**Work task:** A faithful copy of the entries is required, with no images in it.

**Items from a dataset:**
....
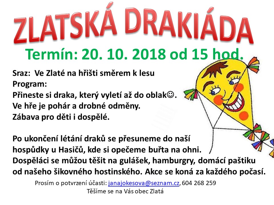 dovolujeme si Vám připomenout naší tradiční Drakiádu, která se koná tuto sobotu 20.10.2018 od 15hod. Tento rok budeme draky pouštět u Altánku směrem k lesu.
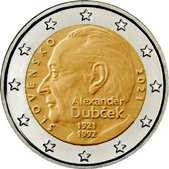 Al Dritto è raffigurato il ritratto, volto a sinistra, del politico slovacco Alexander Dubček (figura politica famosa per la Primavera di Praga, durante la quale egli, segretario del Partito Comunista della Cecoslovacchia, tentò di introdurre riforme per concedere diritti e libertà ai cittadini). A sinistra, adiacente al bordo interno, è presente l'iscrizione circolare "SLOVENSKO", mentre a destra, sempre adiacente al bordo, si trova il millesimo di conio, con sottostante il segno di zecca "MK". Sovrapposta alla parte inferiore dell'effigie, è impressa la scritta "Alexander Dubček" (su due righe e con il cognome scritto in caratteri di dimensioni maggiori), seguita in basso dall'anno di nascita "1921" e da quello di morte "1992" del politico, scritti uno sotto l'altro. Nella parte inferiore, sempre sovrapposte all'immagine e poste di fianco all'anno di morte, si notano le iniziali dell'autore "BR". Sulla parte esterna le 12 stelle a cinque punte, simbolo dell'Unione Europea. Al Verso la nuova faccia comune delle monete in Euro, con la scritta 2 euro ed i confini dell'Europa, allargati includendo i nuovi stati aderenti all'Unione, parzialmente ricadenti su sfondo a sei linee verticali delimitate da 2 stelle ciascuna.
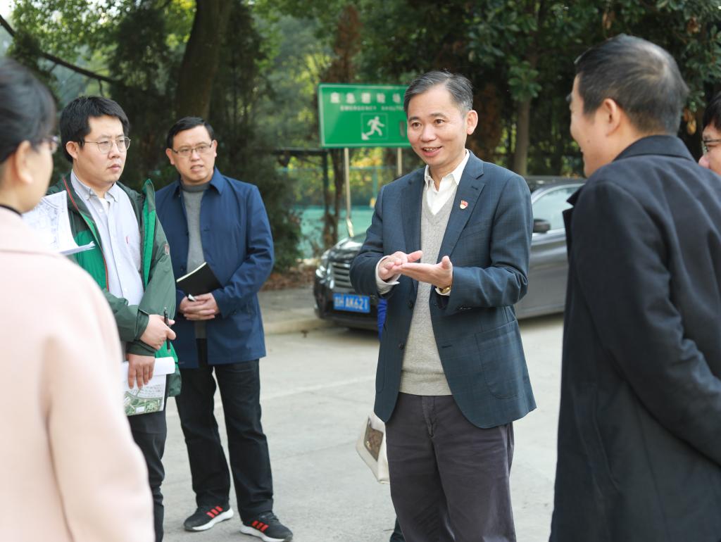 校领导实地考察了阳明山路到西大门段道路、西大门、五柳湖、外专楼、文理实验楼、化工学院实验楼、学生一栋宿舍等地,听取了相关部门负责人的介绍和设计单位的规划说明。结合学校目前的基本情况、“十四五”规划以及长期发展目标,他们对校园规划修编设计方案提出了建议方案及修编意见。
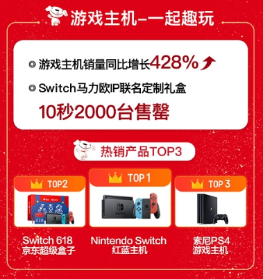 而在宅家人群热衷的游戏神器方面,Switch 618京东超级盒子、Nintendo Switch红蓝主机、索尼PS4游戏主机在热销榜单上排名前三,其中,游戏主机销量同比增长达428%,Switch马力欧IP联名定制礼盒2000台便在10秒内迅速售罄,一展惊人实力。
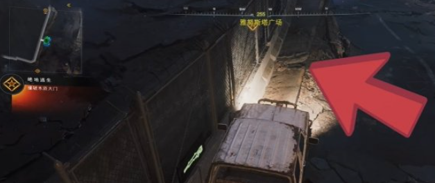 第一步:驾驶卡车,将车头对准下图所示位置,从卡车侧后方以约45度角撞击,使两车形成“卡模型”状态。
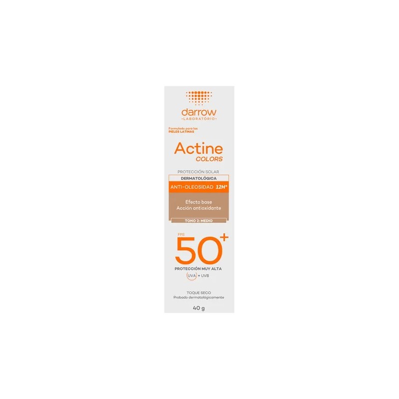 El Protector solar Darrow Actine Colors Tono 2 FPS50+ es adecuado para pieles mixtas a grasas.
....
**Your solution:**
 dovolujeme si Vám připomenout naší tradiční Drakiádu, která se koná tuto sobotu 20.10.2018 od 15hod. Tento rok budeme draky pouštět u Altánku směrem k lesu.
 Al Dritto è raffigurato il ritratto, volto a sinistra, del politico slovacco Alexander Dubček (figura politica famosa per la Primavera di Praga, durante la quale egli, segretario del Partito Comunista della Cecoslovacchia, tentò di introdurre riforme per concedere diritti e libertà ai cittadini). A sinistra, adiacente al bordo interno, è presente l'iscrizione circolare "SLOVENSKO", mentre a destra, sempre adiacente al bordo, si trova il millesimo di conio, con sottostante il segno di zecca "MK". Sovrapposta alla parte inferiore dell'effigie, è impressa la scritta "Alexander Dubček" (su due righe e con il cognome scritto in caratteri di dimensioni maggiori), seguita in basso dall'anno di nascita "1921" e da quello di morte "1992" del politico, scritti uno sotto l'altro. Nella parte inferiore, sempre sovrapposte all'immagine e poste di fianco all'anno di morte, si notano le iniziali dell'autore "BR". Sulla parte esterna le 12 stelle a cinque punte, simbolo dell'Unione Europea. Al Verso la nuova faccia comune delle monete in Euro, con la scritta 2 euro ed i confini dell'Europa, allargati includendo i nuovi stati aderenti all'Unione, parzialmente ricadenti su sfondo a sei linee verticali delimitate da 2 stelle ciascuna.
 校领导实地考察了阳明山路到西大门段道路、西大门、五柳湖、外专楼、文理实验楼、化工学院实验楼、学生一栋宿舍等地,听取了相关部门负责人的介绍和设计单位的规划说明。结合学校目前的基本情况、“十四五”规划以及长期发展目标,他们对校园规划修编设计方案提出了建议方案及修编意见。
 而在宅家人群热衷的游戏神器方面,Switch 618京东超级盒子、Nintendo Switch红蓝主机、索尼PS4游戏主机在热销榜单上排名前三,其中,游戏主机销量同比增长达428%,Switch马力欧IP联名定制礼盒2000台便在10秒内迅速售罄,一展惊人实力。
 第一步:驾驶卡车,将车头对准下图所示位置,从卡车侧后方以约45度角撞击,使两车形成“卡模型”状态。
 El Protector solar Darrow Actine Colors Tono 2 FPS50+ es adecuado para pieles mixtas a grasas.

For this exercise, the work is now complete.